Frank M. Wilhelm, Michael P. Venarsky, Steven J. Taylor, Frank E. Anderson

Research output: Contribution to journalArticle

Abstract

The removal of rare or endangered individuals from wild populations for evaluation of genetic composition may have deleterious consequences to these populations. As a viable alternative, we recommend limb removal as a means to obtain tissue for genetic analysis of rare amphipods. The effect of limb amputation on the survival of amphipods has not been previously studied.

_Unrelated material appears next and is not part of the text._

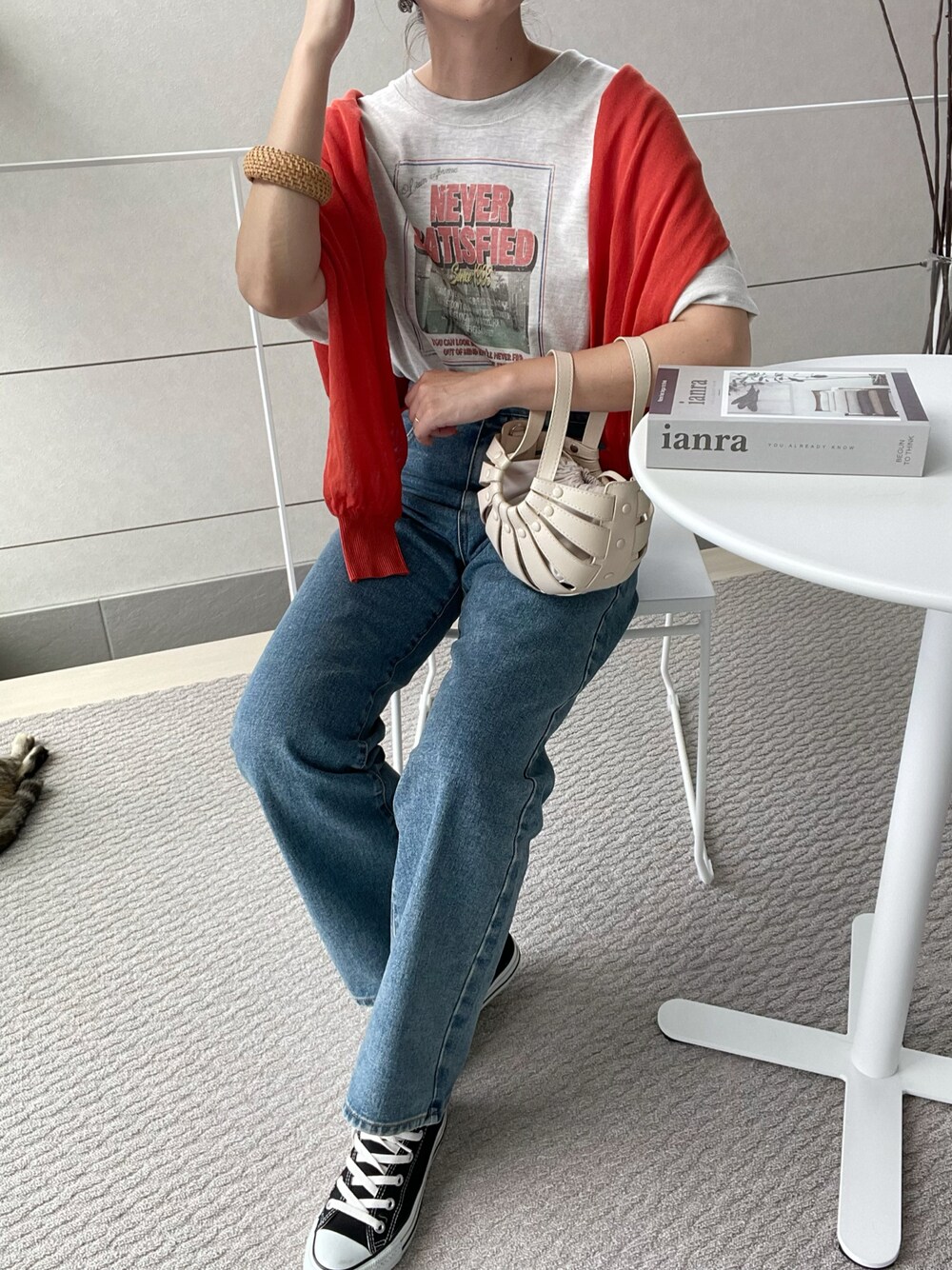 ヴィンテージっぽいプリントが かわいいTシャツ♡ カジュアル王道のデニム合わせ👖

Our experiments showed that survival of Gammarus troglophilus, a common amphipod of Midwest caves and springs, was similar (p=.74) between control (unmanipulated) and experimental (amputation of 1 or 2 of the walking legs, pereopods 5 through 7) groups of amphipods. After 42 d, 25 of 26 amphipods in the experimental group had regenerated limbs that were half the size of the original appendage. Post-amputation survival could allow sampling of tissue for genetic analyses without sacrificing individuals, an important asset when working with species that are endangered or for which population sizes are very small.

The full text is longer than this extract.